I didn’t learn farming from a how-to manual or a YouTube video with a guy in overalls rambling about compost. I learned it the old-fashioned way—barefoot in the fields, mud clinging to my knees, getting scolded for stomping soil through the house. That’s where I witnessed how everything’s supposed to click. Healthy dirt fuels hearty plants. Those plants nourish people. People swap food. Everyone’s happy—until they’re not.
Then—gradually, like a pot simmering to a boil while you’re not looking—everything twisted. Farmers started dumping chemicals into the ground like they were auditioning for a science fiction disaster.
And city folks?
They panicked over what was actually landing on their dinner plates. We lost touch with where our food came from. Worse, we stopped giving a damn.
But deep down, we all felt it: we needed a better way. Something simpler. Something that wouldn’t bulldoze the planet or the people on it.
A few years back, our cotton farmers started drowning. Crops wilted. The price of pesticides mugged them blind. It was brutal. And I say that as someone who worked in government, where brutal is just another Tuesday.
So, we flipped the script. Not a revolution. Just... less madness.
We started nudging farmers, “What if you hit pause before grabbing the spray? What if the bugs just duked it out themselves?”
It wasn’t witchcraft. It was common sense. Then we handed them something new: a biopesticide brewed from plants they already had lying around. Local, dirt-cheap, and non-toxic. Might as well have been handing out treasure.
And this is where it gets almost ridiculous: It actually worked.
Yields enhanced.
Costs sank.
Bugs brawled bugs.
Nature leaned in and practically shouted, “Guys, I’ve got this.”
And it wasn’t just cotton.
Suddenly, we saw that if you back up the land, the land backs you.
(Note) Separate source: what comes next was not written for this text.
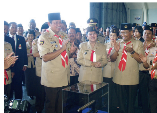
Indonesian President Susilo Bambang Yudhoyono and the First Lady Ani Yudhoyono with the leaders and Scouts of Gerakan Pramuka during the stop of Rover Peace Baton in Indonesia in 2006.

The baton is made of brass metal that signifies strength of character and love for peace. The joint baton symbolizes unity.

Farmers pocketed more. Villages exhaled. The economy even perked up, like it snagged a strong cup of chai for once.
That whole shakeup lit a fire in me.
I wanted to carry that same trust straight to your kitchen.
That’s why I launched PrefOrganic.
It’s not just a website.
It’s a quiet revolt.
All I ask is this: when you’ve got the option, grab the organic stuff. I’m not asking you to churn butter or herd goats. Just make a few better calls where it counts—tiny revolutions in the grocery aisle.
You should know where your food was born, that it wasn’t whipped up in a petri dish. That someone, somewhere, actually gave a damn while growing it. That it sprouted from earth that still qualifies as “soil” and not “industrial residue.”
You deserve food that’s clean.
Honest.
That tastes like it came from somewhere real.
My goal?
Make “organic” in Pakistan actually hit home.
Not some fuzzy sticker slapped on a label. But something you can count on—because it’s tested, verified, and maybe even raised by someone who shrugs and says, “Let’s give the bugs a minute.”
We’re pushing for real standards and actual accountability in organic farming. Because if someone’s busting their back to grow food the right way, they should get paid right. And if you’re paying more, you should taste the difference.
This isn’t a side gig.
This is my whole mission.
And real change?
It demands systems. Those built on health, balance, and not nuking everything with chemicals the second a beetle shows up.
Thanks for scrolling so far.
Every time you choose better food, you back a farmer. You heal the soil. You help your body—which, let’s be honest, is already fighting a war of its own.
Let’s grow and eat something real—together.